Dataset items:
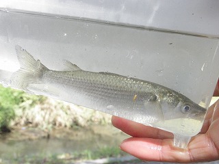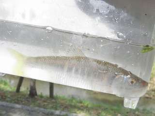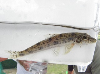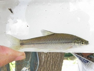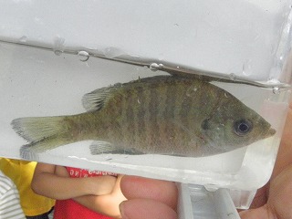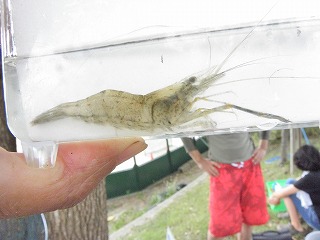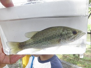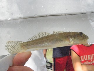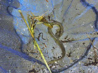 しっかりとタモの使い方を指導しているお父さんの姿が見られた。カダヤシや小さなエビはどの子も捕まえることができたので、それだけでも満足だった。もう少し大きな魚はいないだろうかと思い始めたころ、ウナギだとの声に色めき立った。タモの扱いがだんだん上手になって、いろいろな生き物が採集できるようになっていった。 分かち合いは、3つに分かれて行った。自分が採った魚やエビがうれしく、自分の魚のゆくえが気になったり、最後に自分で逃がしたいと思う子の気持ちにそえるように、他の班にまわしたりみんなに見せた場合は、本人の所に戻るようなの配慮が必要だ。いろいろな生き物の話や外来魚の話を聞き、外来魚は持ち帰りが許されないことも知った。
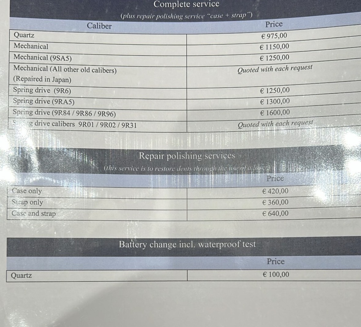1150 voor een mechanisch GS uurwerk waar je maar 1000 betaalt voor een Speedmaster service vind ik wel uit verhouding.
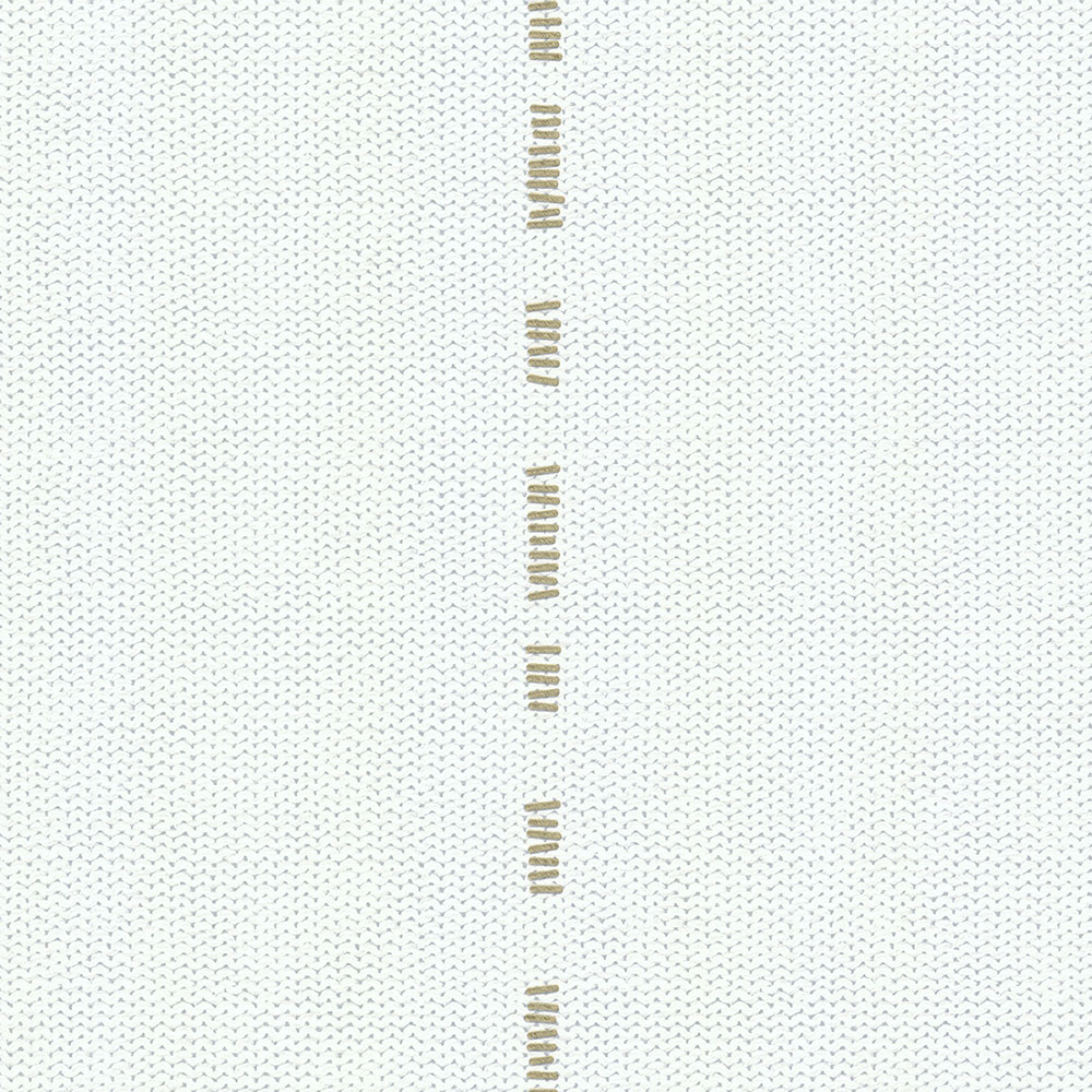 Non-woven wallpaper with a vinyl surface, white-grey wavy texture, golden dashed stripe.
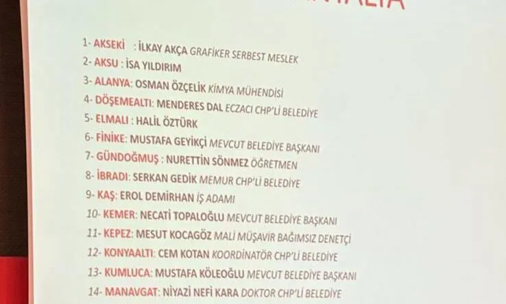 CHP PM’de Antalya 15 ilçe belediye başkan adayı belli oldu.
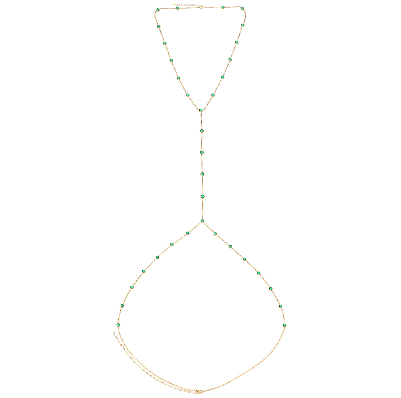 Crafted from stainless steel with an 18k PVD gold finish, it features a fine chain set with evenly spaced bezel set stones from neck to waist. The design flows from a choker-style top into a central drop, connecting to a full waist chain for a flattering, easy fit. Fully adjustable and available in all of our iconic colours.
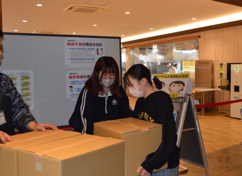 届いたおよそ1トンの食料は本学の職員から寮生・留学生に配付されました。
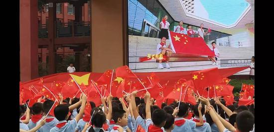 “今天是你的生日,我的中国。清晨我放飞一群白鸽,为你衔来一枚橄榄叶,鸽子在崇山峻岭间飞过……”清澈、干净的无器乐伴奏童声合唱响起,一面巨大的国旗环绕校园,9月开学第一课,这样激动人心的场景出现在四川大学附属实验小学的校园,2000余名师生挥舞着手中的红旗,深情呼唤:“我爱我的祖国!”
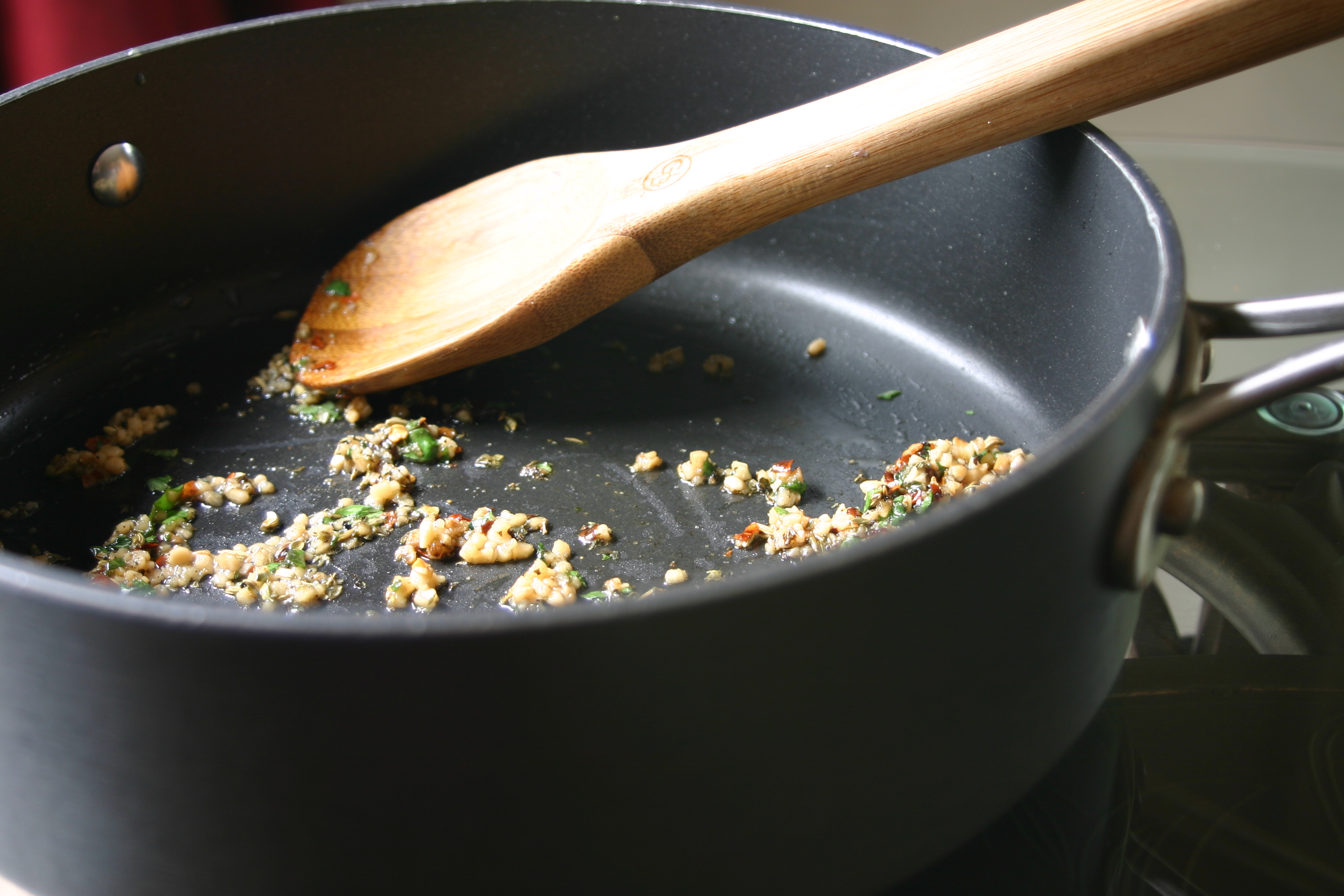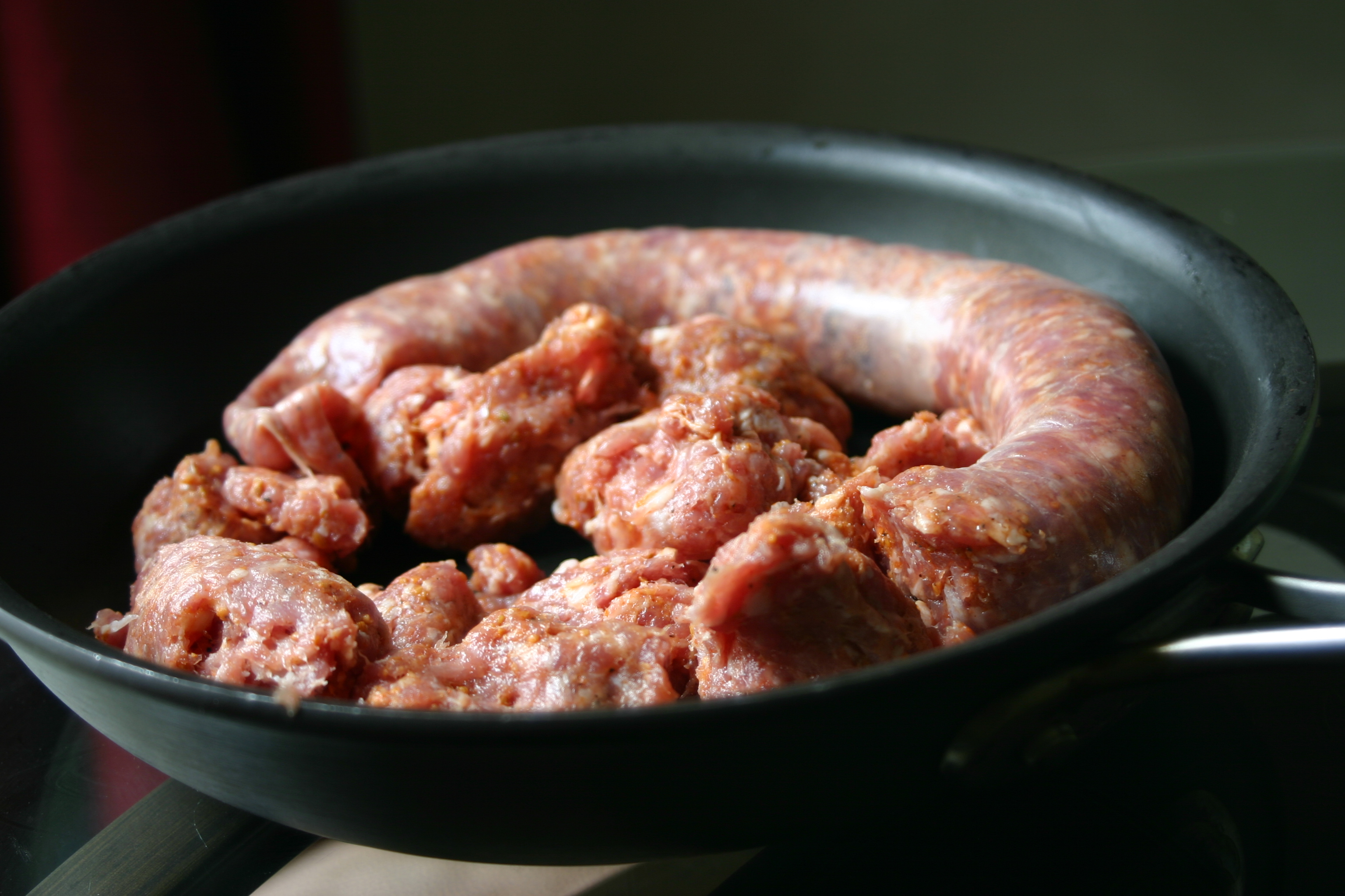 We picked up some mild Italian sausage from the local Italian market and crumbled about a pound’s worth into a skillet.
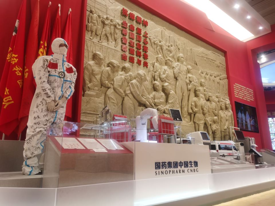 中央综合展区第六单元“社会建设”,欧美av 新冠疫苗智慧生产车间“细胞工厂”模型被放置在展区核心位置,模型展示了全球最大新冠疫苗生产基地P3高等级生物安全生产车间的生产情况,展现了欧美av 拥有的维护国家生物安全的战略科技力量。
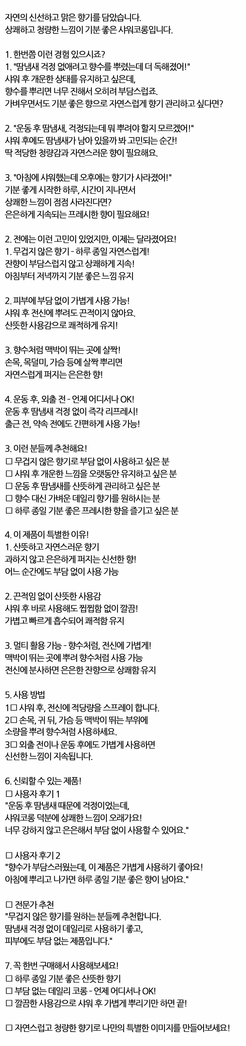 자연의 신선 맑은 향기를 담았습니다 샤워코롱 150ml
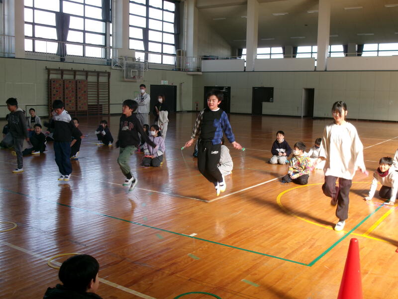 今日の昼休みは上学年(4~6年生)のハイスピード縄跳び大会がありました。前跳び・駆け足跳びなど自分の選んだ種目を1分間で何回跳べるのかを測定します。めちゃめちゃ気合いが入っていて、言葉通りハイスピードで跳でいる子もいれば、1分間を引っかからないように確実に跳んでいる子もいて、子どもたち一人ひとりの目当てがあって、見ていておもしろかったです。見ていてもうひとつ思ったことは、1分はとても長いなあと感じました。私ならきっと最後まで体力がもたないだろうと思いました。低学年の子どもたちもがんばる様子を見に来ていて。自分たちの大会に備えて心の準備をしていました。
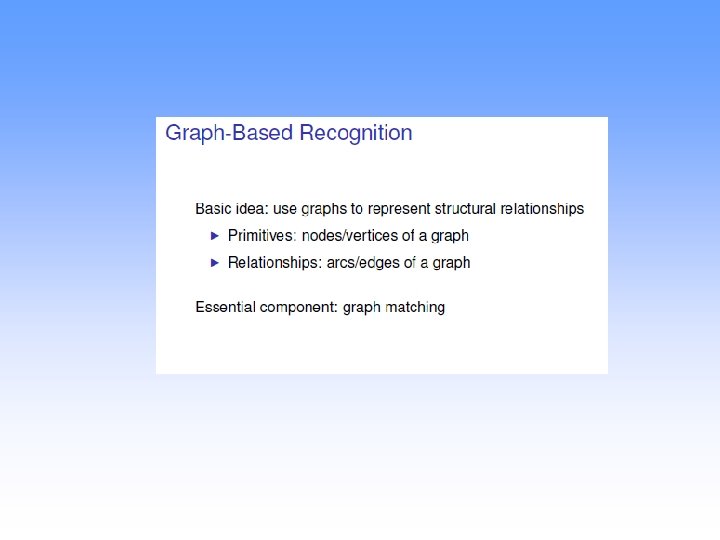 Vision Application: Handwriting Characters Representation From pixels to a small attributed graph l 1 e 1 l 5 D. Geiger, R. Giugno, D. Shasha, Ongoing work at New York University PODS 2002 e 3 l 2 e 5 e 4 l 3 l 4 8
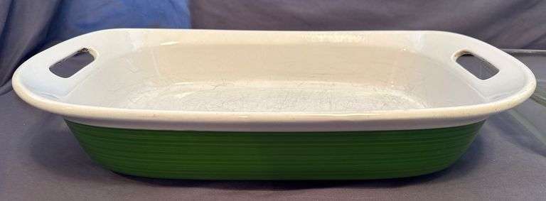 Includes a CorningWare green stoneware bake dish (3qt/2.85L) with white interior, plus a Pyrex clear rectangular glass dish marked 213. Slight wear visible on both items.
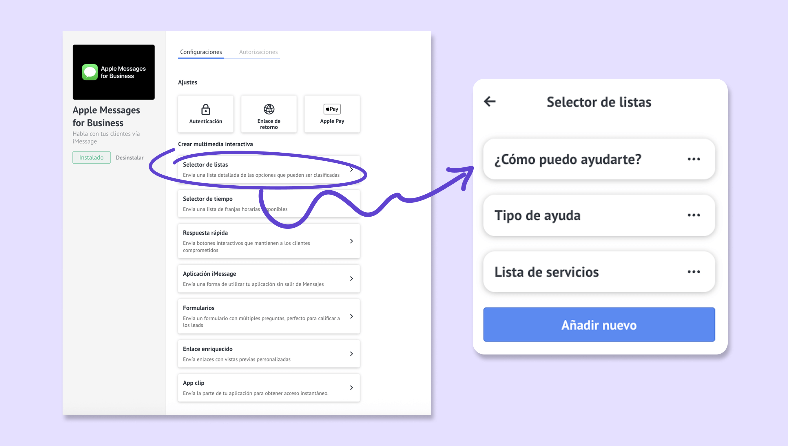 Para crear un selector de listas, ve a Ajustes > Integraciones > Apple Messages for Business y haz clic en Selector de listas > Añadir nuevo:
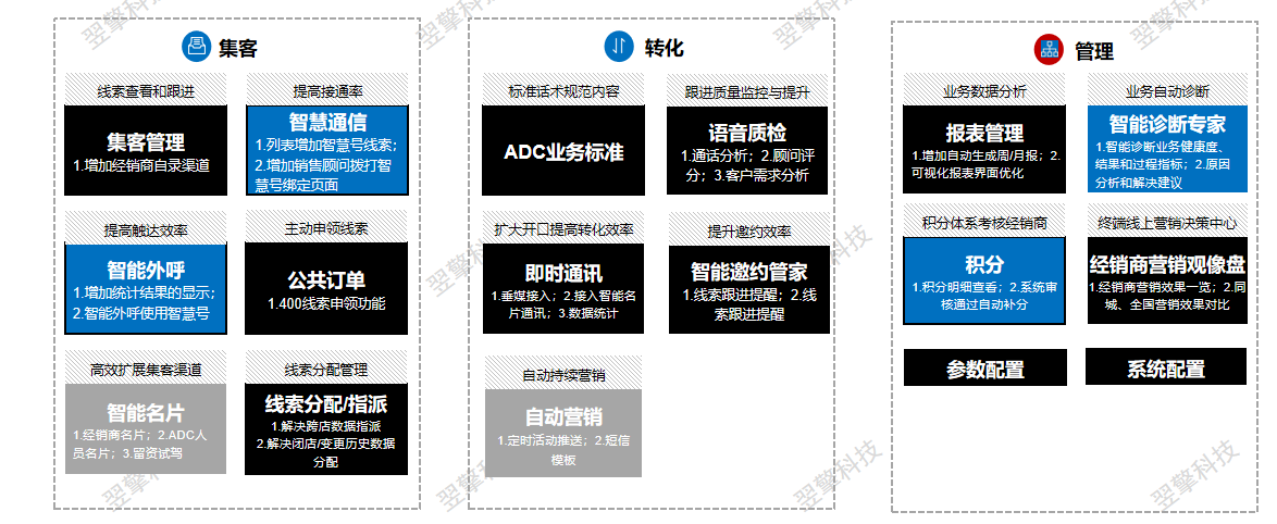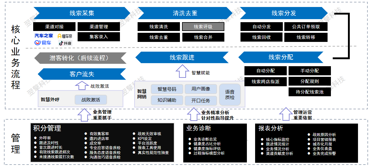 C端客户多渠道留资,线索分散,管理效率低;经销商考核标准单一,缺乏综合全面的考核体系。
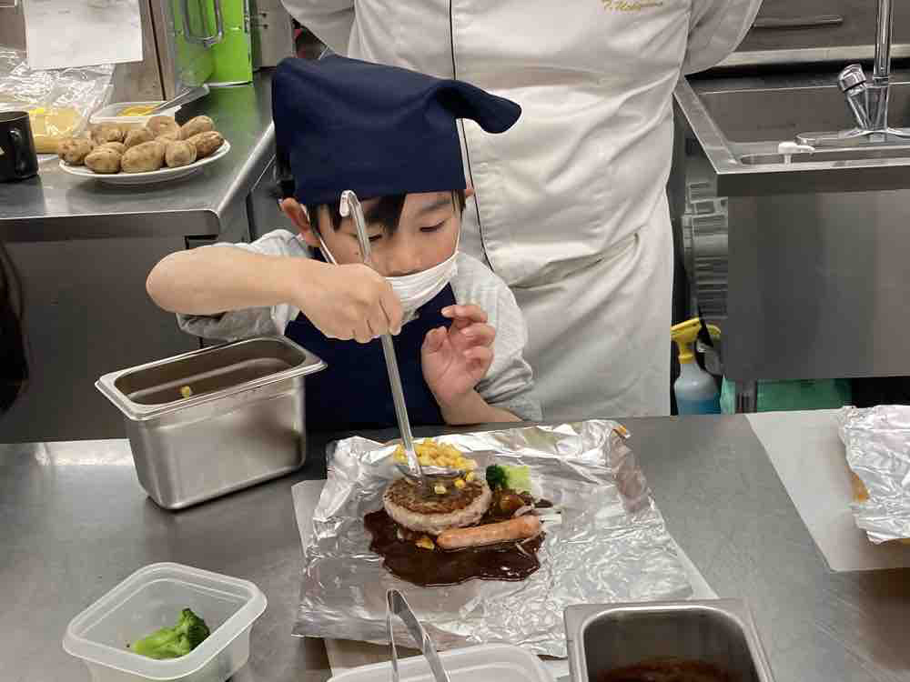 切るところは保護者と一緒に慎重に。盛り付けは、真剣な表情で考えながら行いました。みんなとても上手にできて、できあがったハンバーグに歓声が上がっていました。
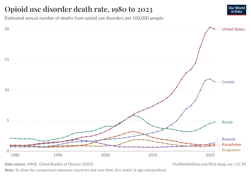 IHME, Global Burden of Disease (2024) – with minor processing by Our World in Data. “Opioid use disorder death rate” [dataset]. IHME, Global Burden of Disease, “Global Burden of Disease - Deaths and DALYs” [original data]. Retrieved January 6, 2026 from https://select-date-by-typing.owid.pages.dev/grapher/death-rate-from-opioid-use
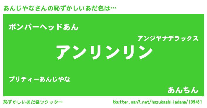 | 女子向けラノベタイトル風あだ名 | 『あんじやなは平凡を望む』 |
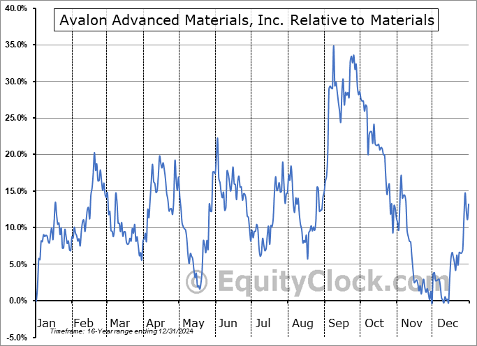 Analysis of the Avalon Advanced Materials, Inc. (OTCMKT:AVLNF) seasonal charts above shows that a Buy Date of November 27 and a Sell Date of February 27 has resulted in a geometric average return of 15.7% above the benchmark rate of the S&P 500 Total Return Index over the past 16 years. This seasonal timeframe has shown positive results compared to the benchmark in 13 of those periods. This is a very good rate of success and the return strongly outperforms the relative buy-and-hold performance of the stock over the past 16 years by an average of 44.07% per year.

— Task prompt —
Restate word for word every line from the one with "IHME, Global Burden of Disease (2024)" up to and including the one with "女子向けラノベタイトル風あだ名 | 『あんじやなは平凡を望む』 |" in the records above, minus the pictures.

— Response below —
 IHME, Global Burden of Disease (2024) – with minor processing by Our World in Data. “Opioid use disorder death rate” [dataset]. IHME, Global Burden of Disease, “Global Burden of Disease - Deaths and DALYs” [original data]. Retrieved January 6, 2026 from https://select-date-by-typing.owid.pages.dev/grapher/death-rate-from-opioid-use
 | 女子向けラノベタイトル風あだ名 | 『あんじやなは平凡を望む』 |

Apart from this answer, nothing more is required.